Need a little inspiration? Read Delbert Trew’s column on grain hauling equipment in the years immediately following the Dust Bowl. It captures familiar themes in farm country: resilience, resourcefulness and impossibly green fields … exactly the kind of thing that makes a grown woman cry. FC

A new look at the Coolspring collection

It’s summer and the living is easy … unless you’re a member of the old iron community, in which case the pace is approaching full-scale frenzy. Finishing projects, planning road trips, volunteering at shows – it’s the time of year when dance cards fill up in a heartbeat. And that is exactly where your friends at Gas Engine Magazine can lend a hand.

Nope, they won’t strap engines on to a trailer and they won’t help with final reassembly after the paint dries – but they have put together a dandy of a book that will give you an in-depth look at a very fine museum: The Coolspring (Pa.) Power Museum.

Created by a group of passionate engine enthusiasts, the Coolspring museum is a world-class collection of rare and historically significant antique engines. As the focus of Gas Engine Magazine’s Preservations Series, Coolspring, Discovering America’s Finest Antique Engine Museum takes you through the best of the best in this unique museum.

Coolspring, Discovering America's Finest Antique Engine Museum

Housed in 20 buildings, the Coolspring collection includes more than 250 engines. Singling out 40 of those engines, this new book gives the reader a cross-section of the museum collection and also serves as a tour guide – because after you read this book, you will want to visit the museum.
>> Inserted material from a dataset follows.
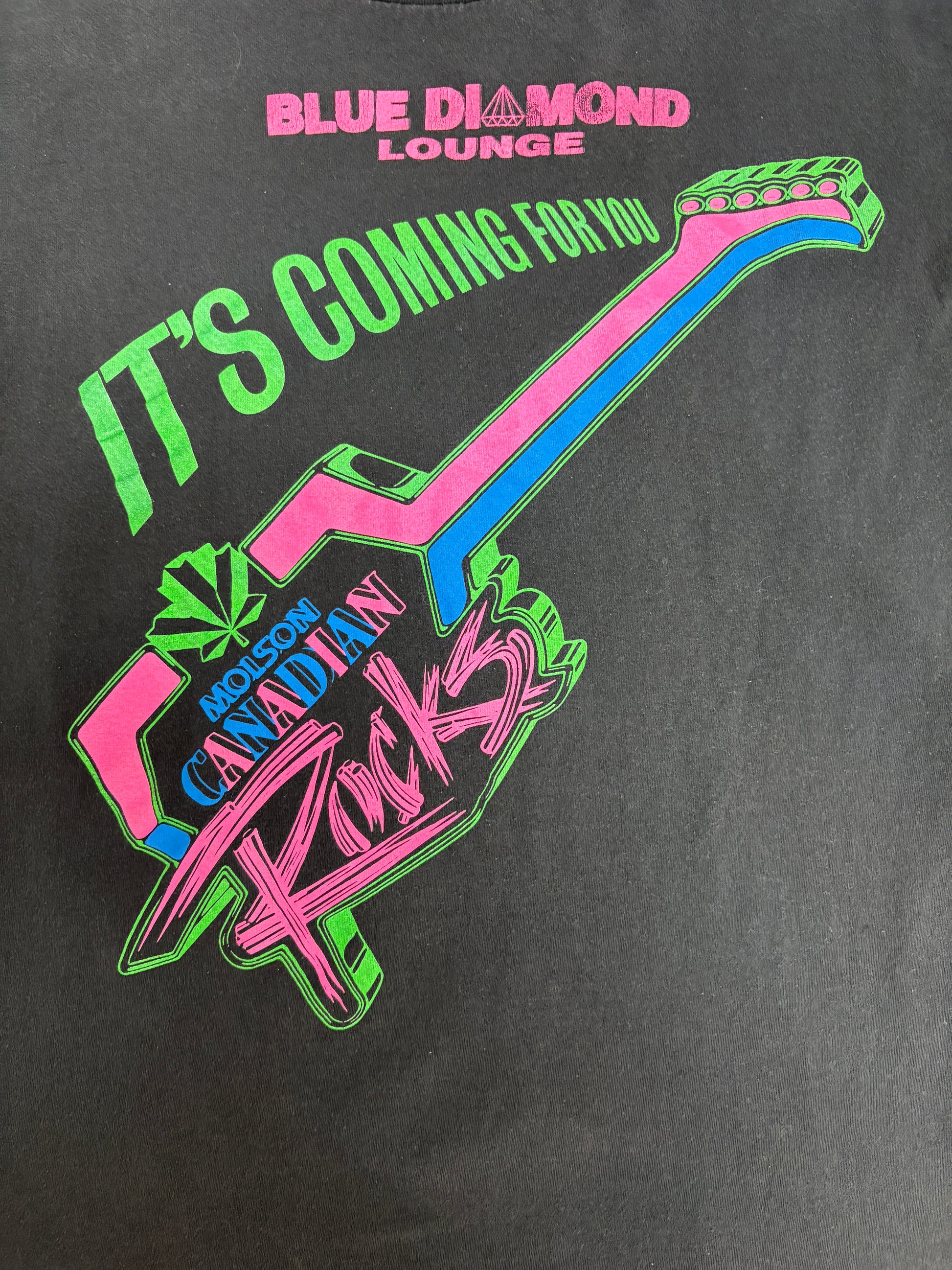 Molson Canadian Rocks Blue Diamond Lounge Graphic Tee | Size X-Large | Vintage 1990s Promotional Black T-Shirt |

A map and an index of the collection team up to ensure that your visit to Coolspring will be time well spent, indeed.

One particular beauty of the Coolspring museum is the fact that the engines there are fully operational. Demonstrating the purpose for which they were designed, these historic relics capture a unique era in a meaningful way. Maybe you can’t make the museum today, but this new book from Gas Engine guarantees an up-close look that ought to keep you engaged until you can pencil in a trip of your own.

 Information on each of the 40 engines featured was provided by museum founder Paul Harvey, curator Preston Foster and president Clark Colby. Gas Engine editor Christian Williams edited the work, and you’ll appreciate his firm grip on the wheel.

If you’ve visited the Coolspring museum, you’ll particularly appreciate the selection this book contains. And if you’ve not yet been, this book will whet your appetite and beckon you to come by for a closer look. Whether you’re an armchair tourist or a road warrior, this book will be a fine addition to your collection! FC 

To order your copy of Coolspring, Discovering America's Finest Antique Engine Museum , visit the Farm Collector store by clicking here .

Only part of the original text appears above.